Each line from the one containing "thiện — chất lượng." through the last line of the entries below is to be transcribed exactly. Nothing else belongs in the reply.
*** Data for this exercise ***
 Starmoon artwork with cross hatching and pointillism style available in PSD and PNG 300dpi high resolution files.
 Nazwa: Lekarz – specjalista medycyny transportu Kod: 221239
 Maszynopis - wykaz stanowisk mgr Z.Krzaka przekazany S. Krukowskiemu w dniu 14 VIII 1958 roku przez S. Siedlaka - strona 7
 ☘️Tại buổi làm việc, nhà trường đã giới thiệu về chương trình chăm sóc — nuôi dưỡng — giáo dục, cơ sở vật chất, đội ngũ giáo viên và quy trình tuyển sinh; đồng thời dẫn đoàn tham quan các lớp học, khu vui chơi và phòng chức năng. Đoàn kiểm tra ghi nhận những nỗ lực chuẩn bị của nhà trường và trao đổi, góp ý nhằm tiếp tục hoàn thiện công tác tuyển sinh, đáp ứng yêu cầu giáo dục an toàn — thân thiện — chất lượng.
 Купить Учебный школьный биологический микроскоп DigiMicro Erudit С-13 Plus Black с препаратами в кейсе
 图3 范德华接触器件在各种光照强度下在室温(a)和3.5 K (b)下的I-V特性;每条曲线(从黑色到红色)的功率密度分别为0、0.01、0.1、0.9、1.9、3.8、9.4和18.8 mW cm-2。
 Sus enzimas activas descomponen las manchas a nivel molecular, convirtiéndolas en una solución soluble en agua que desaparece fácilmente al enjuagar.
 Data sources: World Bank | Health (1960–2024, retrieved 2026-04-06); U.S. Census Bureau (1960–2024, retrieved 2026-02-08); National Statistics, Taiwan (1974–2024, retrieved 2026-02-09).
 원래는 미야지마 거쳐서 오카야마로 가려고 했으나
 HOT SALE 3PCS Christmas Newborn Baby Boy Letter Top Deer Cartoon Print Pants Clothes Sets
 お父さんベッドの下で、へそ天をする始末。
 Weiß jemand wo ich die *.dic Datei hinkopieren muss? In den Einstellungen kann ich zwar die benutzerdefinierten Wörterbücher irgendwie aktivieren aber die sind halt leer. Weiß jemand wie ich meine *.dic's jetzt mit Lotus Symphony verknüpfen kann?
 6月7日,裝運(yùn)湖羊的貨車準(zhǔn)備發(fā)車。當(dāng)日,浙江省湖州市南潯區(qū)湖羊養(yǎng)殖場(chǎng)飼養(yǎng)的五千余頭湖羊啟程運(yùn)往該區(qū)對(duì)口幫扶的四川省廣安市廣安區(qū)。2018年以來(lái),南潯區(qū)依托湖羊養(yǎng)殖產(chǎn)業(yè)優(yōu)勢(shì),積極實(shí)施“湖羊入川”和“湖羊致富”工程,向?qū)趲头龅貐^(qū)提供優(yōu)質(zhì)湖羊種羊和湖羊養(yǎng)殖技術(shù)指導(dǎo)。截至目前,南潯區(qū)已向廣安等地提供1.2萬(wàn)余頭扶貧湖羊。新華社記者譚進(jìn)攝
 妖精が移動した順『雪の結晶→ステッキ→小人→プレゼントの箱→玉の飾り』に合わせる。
*** End of Data for this exercise ***
▸ Problem solution:
 ☘️Tại buổi làm việc, nhà trường đã giới thiệu về chương trình chăm sóc — nuôi dưỡng — giáo dục, cơ sở vật chất, đội ngũ giáo viên và quy trình tuyển sinh; đồng thời dẫn đoàn tham quan các lớp học, khu vui chơi và phòng chức năng. Đoàn kiểm tra ghi nhận những nỗ lực chuẩn bị của nhà trường và trao đổi, góp ý nhằm tiếp tục hoàn thiện công tác tuyển sinh, đáp ứng yêu cầu giáo dục an toàn — thân thiện — chất lượng.
 Купить Учебный школьный биологический микроскоп DigiMicro Erudit С-13 Plus Black с препаратами в кейсе
 图3 范德华接触器件在各种光照强度下在室温(a)和3.5 K (b)下的I-V特性;每条曲线(从黑色到红色)的功率密度分别为0、0.01、0.1、0.9、1.9、3.8、9.4和18.8 mW cm-2。
 Sus enzimas activas descomponen las manchas a nivel molecular, convirtiéndolas en una solución soluble en agua que desaparece fácilmente al enjuagar.
 Data sources: World Bank | Health (1960–2024, retrieved 2026-04-06); U.S. Census Bureau (1960–2024, retrieved 2026-02-08); National Statistics, Taiwan (1974–2024, retrieved 2026-02-09).
 원래는 미야지마 거쳐서 오카야마로 가려고 했으나
 HOT SALE 3PCS Christmas Newborn Baby Boy Letter Top Deer Cartoon Print Pants Clothes Sets
 お父さんベッドの下で、へそ天をする始末。
 Weiß jemand wo ich die *.dic Datei hinkopieren muss? In den Einstellungen kann ich zwar die benutzerdefinierten Wörterbücher irgendwie aktivieren aber die sind halt leer. Weiß jemand wie ich meine *.dic's jetzt mit Lotus Symphony verknüpfen kann?
 6月7日,裝運(yùn)湖羊的貨車準(zhǔn)備發(fā)車。當(dāng)日,浙江省湖州市南潯區(qū)湖羊養(yǎng)殖場(chǎng)飼養(yǎng)的五千余頭湖羊啟程運(yùn)往該區(qū)對(duì)口幫扶的四川省廣安市廣安區(qū)。2018年以來(lái),南潯區(qū)依托湖羊養(yǎng)殖產(chǎn)業(yè)優(yōu)勢(shì),積極實(shí)施“湖羊入川”和“湖羊致富”工程,向?qū)趲头龅貐^(qū)提供優(yōu)質(zhì)湖羊種羊和湖羊養(yǎng)殖技術(shù)指導(dǎo)。截至目前,南潯區(qū)已向廣安等地提供1.2萬(wàn)余頭扶貧湖羊。新華社記者譚進(jìn)攝
 妖精が移動した順『雪の結晶→ステッキ→小人→プレゼントの箱→玉の飾り』に合わせる。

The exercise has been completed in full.